Two separate studies published today in Cell Host & Microbe have found that myalgic encephalomyelitis/chronic fatigue syndrome (ME/CFS) is associated with reduced levels of microbes known to produce the fatty acid butyrate in the gastrointestinal microbiome. The researchers say this finding could partly explain how the immune system becomes disrupted in people suffering from ME/CFS.
“It’s important to note that this research shows correlation, not causation, between these microbiome changes and ME/CFS,” said Julia Oh, an associate professor at the Jackson Laboratory and senior author of one of the two papers. “But these findings are the prelude to many other mechanistic experiments that we hope to do to understand more about ME/CFS and its underlying causes.”
Brent Williams assistant professor at Columbia University and senior author of the second paper noted “This research demonstrates that there are robust bacterial signatures of gut dysbiosis in individuals with ME/CFS. It helps to expand on this growing field of research by pinpointing the structural and functional disturbances in the microbiome in a chronic disease that affects the quality of life of millions of people.”
ME/CFS is a chronic, complex, and systemic disease associated with neurological, immunological, autonomic, and energy metabolism dysfunctions, whose causes have remained elusive. The disease has been difficult to study as it tends to be heterogenous and people with ME/CFS present was a range of different symptoms. However, the has recently emerged as a potential contributor to ME/CFS.
In Oh’s study, the team used shotgun metagenomics to compare microbiome samples from 74 people with both short-term ME/CFS, defined as those diagnosed in the previous four years, and 75 long-term ME/CFS patients—those with symptoms for more than 10 years. The study also included 79 age- and sex-matched healthy controls.

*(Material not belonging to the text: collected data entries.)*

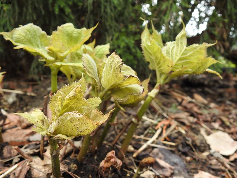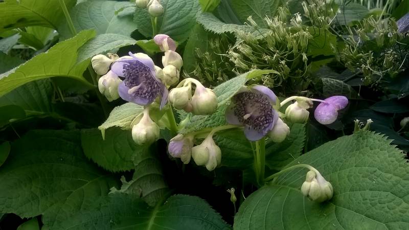 Bylina wysokości 40-50 cm o niezwykle ciekawym wyglądzie. Kwitnie w czerwcu/lipcu niewielkimi fioletowo-niebieskimi kwiatami. Niewymagająca, całkowicie mrozoodporna. U mnie rośnie w cieniu, ale w godzinach dopołudniowych ma nieco słońca. Posadziłam w ziemię kompostową trzy lata temu i od tej pory nie nawożę. Towarzyszą jej rododendrony więc może mieć nieco kwaśne podłoże.
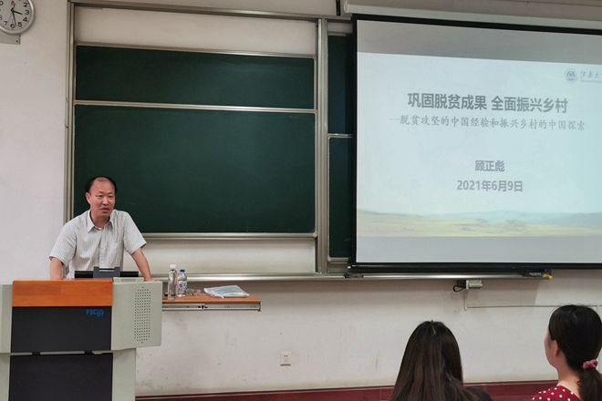 课上,顾正彪副校长结合我校参与脱贫攻坚工作取得的经验、成果,阐述了脱贫攻坚的中国经验和振兴乡村的中国探索,详略得当地概括了我国扶贫开发的历史进程,讲解精准扶贫中必须解决的“扶持谁”“谁来扶”“怎么扶”以及“如何退”四个关键问题。讲述党和国家如何通过制定一系列的方针政策克服重重困难来实现 “全面脱贫”的伟大目标,引出了他对学生们在今后学习工作中的三点寄语:一是勤于思考,勇于创新提出举措;二是明确目标,满怀自信为之奋斗;三是脚踏实地,不务空名落实政策。在课程临近结尾,顾正彪副校长再次以“全面脱贫”伟大事业为例,强调“同学们一定要坚决拥护并理解领会国家的各项方针政策,正面看待政府为实现目标所采取的各项举措”。
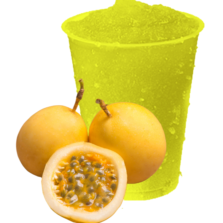 Vodka, leite condensado, maracujá e gelo de maracujá
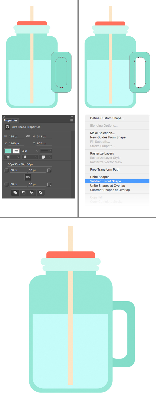现在画另一个矩形,用来覆盖水图形的上部分。 选中两个圆角矩形,并切换到圆角矩形工具(U) ,单击鼠标右键打开下拉菜单。 减去顶层形状,使罐子的顶部是空的。

Analysis fond that patients with short-term disease had a number of changes to the diversity of their microbiomes, notably a depletion of microbes known to be butyrate producers. Butyrate helps protecting the integrity of the gut barrier and is also plays an important role in modulating the immune system.
By comparison, long-term ME/CFS patients had gut microbiomes that had reestablished and were more similar to the healthy controls. However, those participants had accumulated a number of changes in the metabolites in their blood plasma, including many of those related to the immune system. They also had differences in levels of certain types of immune cells compared with the healthy controls.
Oh added that future studies will focus on further subdividing patients by the features of their disease, including those with conditions frequently associated with ME/CFS such as irritable bowel syndrome and neuroinflammatory disorders. “This will help us pinpoint specific microbial and metabolomic factors that are associated with this disease,” she said.
The Columbia research led by Williams also used shotgun metagenomic sequencing to look at the microbiomes of 106 people with ME/CFS and 91 healthy controls that were matched for age, sex, geography, and socioeconomic status. This study recruited patients from five different sites across the US, to help control for microbiome differences that may be present in different geographic regions. The study also looked at levels of microbial species in the stool.
This study found significant relationships between the severity of fatigue symptoms and levels of specific species of gut bacteria, in particular a specific butyrate-producing bacterium called Faecalibacterium prausnitzii. It also revealed a higher overall load of bacteria in the stool and disturbances in the interactions among bacterial species in patients with ME/CFS.
“While these findings don’t unequivocally demonstrate causative relationships between disturbances in the microbiome and symptoms, these microbiome-symptom relationships present potentially actionable, manipulatable targets for future therapeutic trials,” Williams noted. “These trials could perhaps focus on dietary, probiotic, prebiotic, or synbiotic interventions and could provide direct evidence that gut bacteria influence chronic symptom presentation.”